### REQUIRED ACTION
Output must consist only of the lines of the material below from the one with "Al buscar la" through the one with "レースアップ15個釦ハイウエストセンタースリットパンツ", each reproduced exactly; no pictures belong in it.

### SOURCE INFORMATION
_ _ _ _ _

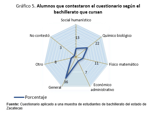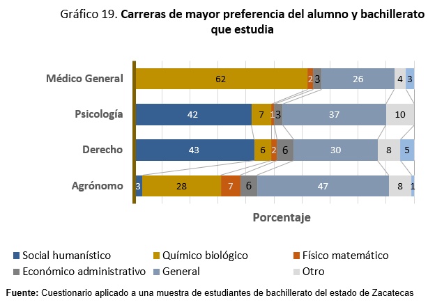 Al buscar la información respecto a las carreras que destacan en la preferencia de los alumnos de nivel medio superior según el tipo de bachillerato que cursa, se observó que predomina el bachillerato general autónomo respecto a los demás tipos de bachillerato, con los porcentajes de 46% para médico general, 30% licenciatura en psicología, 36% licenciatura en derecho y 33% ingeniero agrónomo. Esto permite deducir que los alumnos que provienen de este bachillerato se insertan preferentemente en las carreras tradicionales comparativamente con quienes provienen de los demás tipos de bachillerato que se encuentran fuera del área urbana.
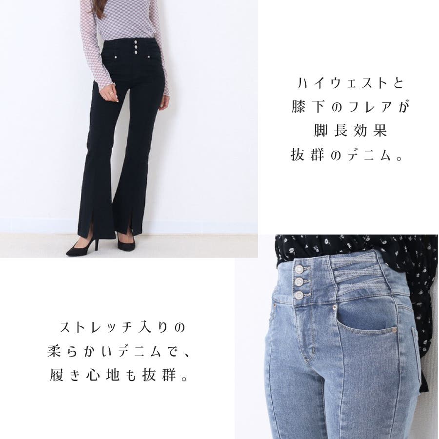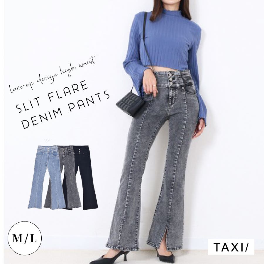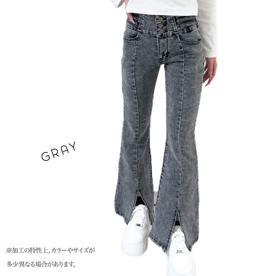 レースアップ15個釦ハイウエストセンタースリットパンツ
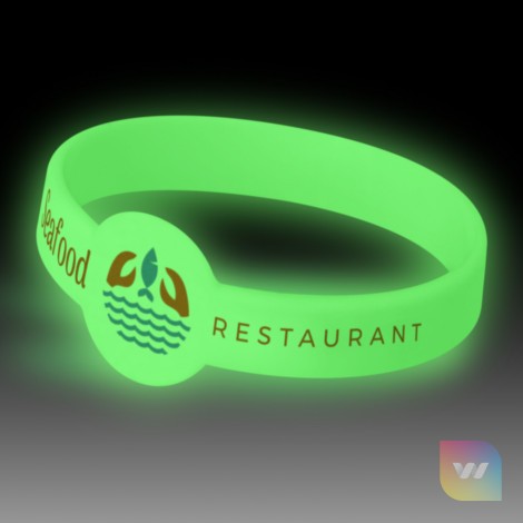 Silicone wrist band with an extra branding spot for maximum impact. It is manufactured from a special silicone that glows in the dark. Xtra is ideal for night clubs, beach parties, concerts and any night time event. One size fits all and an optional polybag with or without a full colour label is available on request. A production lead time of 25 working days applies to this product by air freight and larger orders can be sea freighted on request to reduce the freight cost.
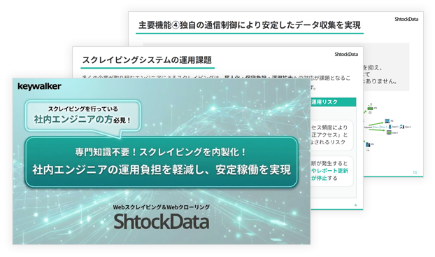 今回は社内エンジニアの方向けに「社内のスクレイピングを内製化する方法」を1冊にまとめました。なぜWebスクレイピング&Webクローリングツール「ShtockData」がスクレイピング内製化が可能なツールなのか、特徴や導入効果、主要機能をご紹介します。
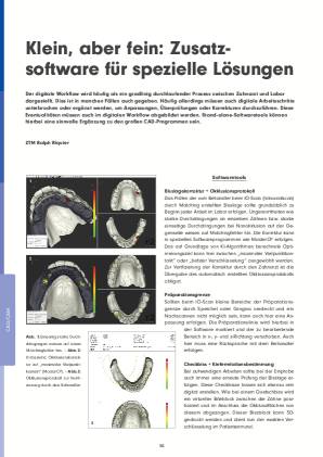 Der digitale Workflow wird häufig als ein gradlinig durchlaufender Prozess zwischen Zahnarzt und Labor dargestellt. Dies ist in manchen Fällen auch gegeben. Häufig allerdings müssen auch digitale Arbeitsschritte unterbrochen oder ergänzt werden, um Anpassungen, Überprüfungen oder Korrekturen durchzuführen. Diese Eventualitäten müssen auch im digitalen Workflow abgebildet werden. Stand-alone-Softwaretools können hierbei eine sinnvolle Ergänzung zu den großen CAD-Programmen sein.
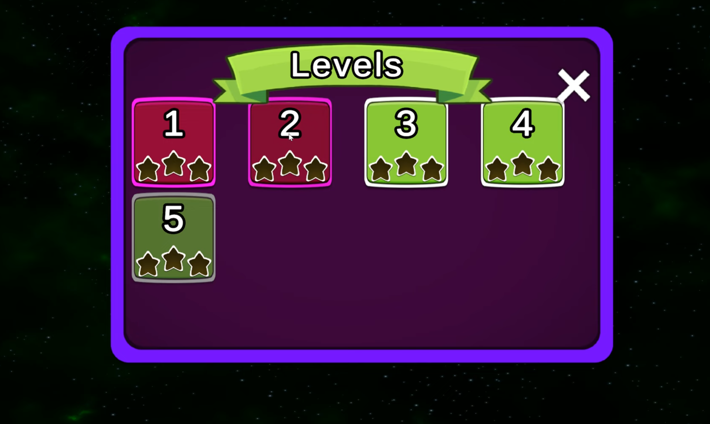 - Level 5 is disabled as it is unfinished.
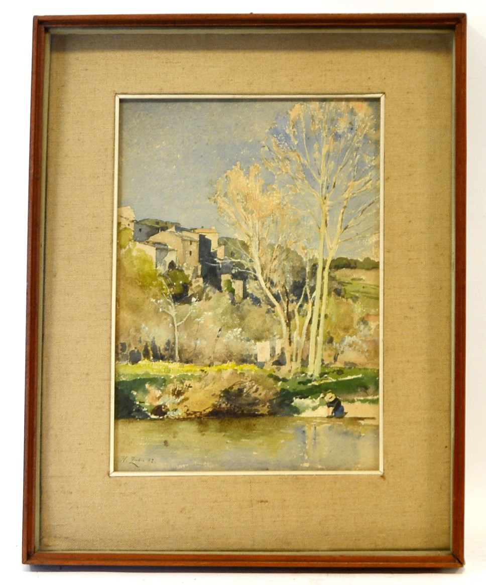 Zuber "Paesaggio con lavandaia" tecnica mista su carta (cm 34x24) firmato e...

_ _ _ _ _

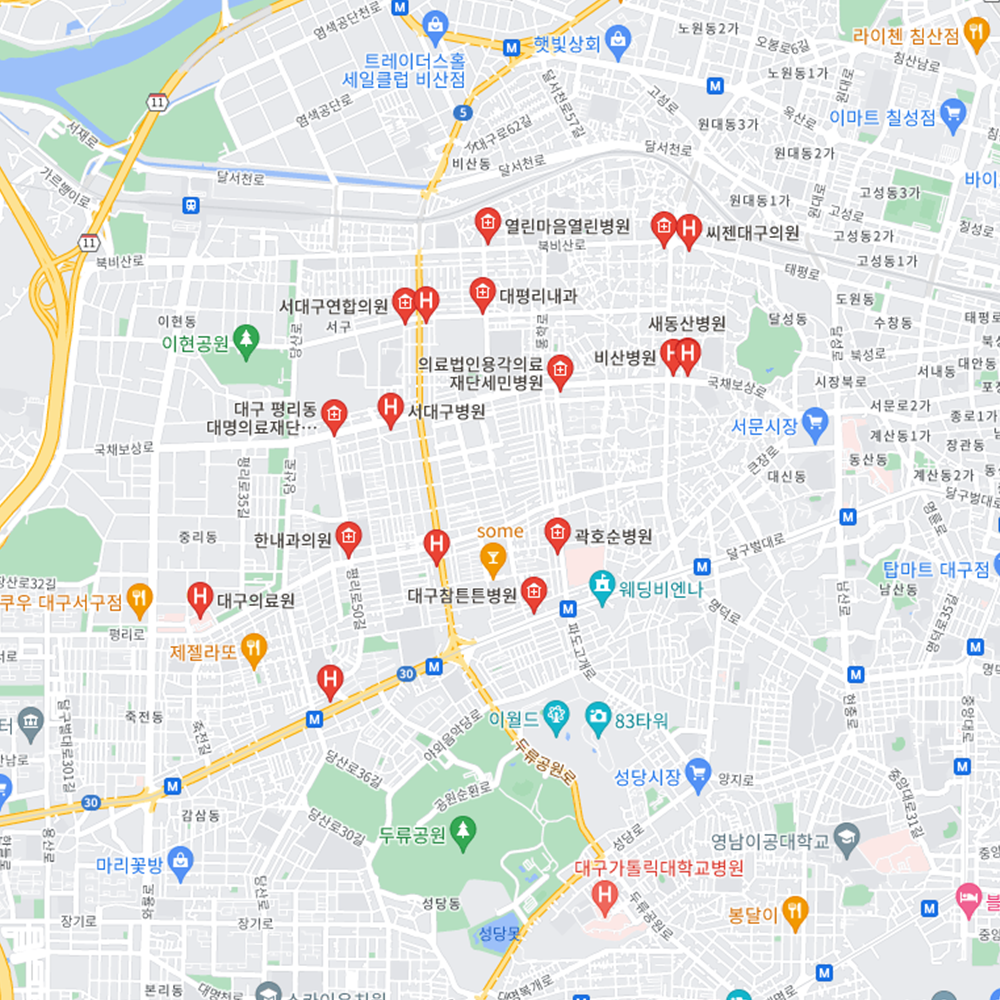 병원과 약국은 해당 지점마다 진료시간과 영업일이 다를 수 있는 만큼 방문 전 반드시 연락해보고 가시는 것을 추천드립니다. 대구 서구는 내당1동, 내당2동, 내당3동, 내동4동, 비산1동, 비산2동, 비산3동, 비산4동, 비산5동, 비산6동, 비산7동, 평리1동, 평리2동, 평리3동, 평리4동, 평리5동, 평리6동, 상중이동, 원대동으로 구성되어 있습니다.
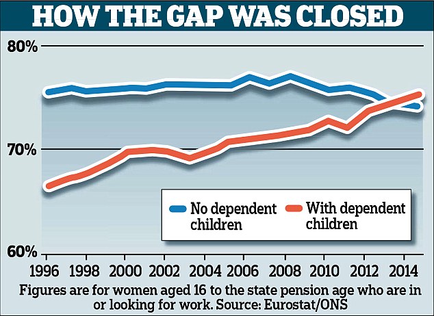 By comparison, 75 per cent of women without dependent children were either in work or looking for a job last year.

_ _ _ _ _

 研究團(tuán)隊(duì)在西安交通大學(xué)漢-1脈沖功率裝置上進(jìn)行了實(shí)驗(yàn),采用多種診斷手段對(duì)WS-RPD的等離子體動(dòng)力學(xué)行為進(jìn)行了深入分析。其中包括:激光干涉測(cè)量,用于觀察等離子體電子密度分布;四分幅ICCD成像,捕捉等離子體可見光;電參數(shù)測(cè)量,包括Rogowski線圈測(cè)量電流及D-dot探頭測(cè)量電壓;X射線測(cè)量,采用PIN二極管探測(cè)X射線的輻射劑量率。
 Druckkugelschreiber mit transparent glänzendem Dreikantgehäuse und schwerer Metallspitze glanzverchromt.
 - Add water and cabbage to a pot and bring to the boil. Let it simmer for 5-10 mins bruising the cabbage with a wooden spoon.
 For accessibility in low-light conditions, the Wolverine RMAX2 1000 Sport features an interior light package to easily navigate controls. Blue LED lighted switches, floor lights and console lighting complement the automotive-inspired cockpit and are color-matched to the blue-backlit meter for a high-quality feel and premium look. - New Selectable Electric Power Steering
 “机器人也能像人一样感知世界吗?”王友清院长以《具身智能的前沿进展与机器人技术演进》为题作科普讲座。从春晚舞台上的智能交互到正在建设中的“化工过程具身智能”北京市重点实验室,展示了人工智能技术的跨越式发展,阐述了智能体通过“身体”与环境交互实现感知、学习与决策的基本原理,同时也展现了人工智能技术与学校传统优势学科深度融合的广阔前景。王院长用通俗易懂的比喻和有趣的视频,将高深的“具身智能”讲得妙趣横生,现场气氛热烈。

_ _ _ _ _

### WRITTEN ANSWER
 Al buscar la información respecto a las carreras que destacan en la preferencia de los alumnos de nivel medio superior según el tipo de bachillerato que cursa, se observó que predomina el bachillerato general autónomo respecto a los demás tipos de bachillerato, con los porcentajes de 46% para médico general, 30% licenciatura en psicología, 36% licenciatura en derecho y 33% ingeniero agrónomo. Esto permite deducir que los alumnos que provienen de este bachillerato se insertan preferentemente en las carreras tradicionales comparativamente con quienes provienen de los demás tipos de bachillerato que se encuentran fuera del área urbana.
 レースアップ15個釦ハイウエストセンタースリットパンツ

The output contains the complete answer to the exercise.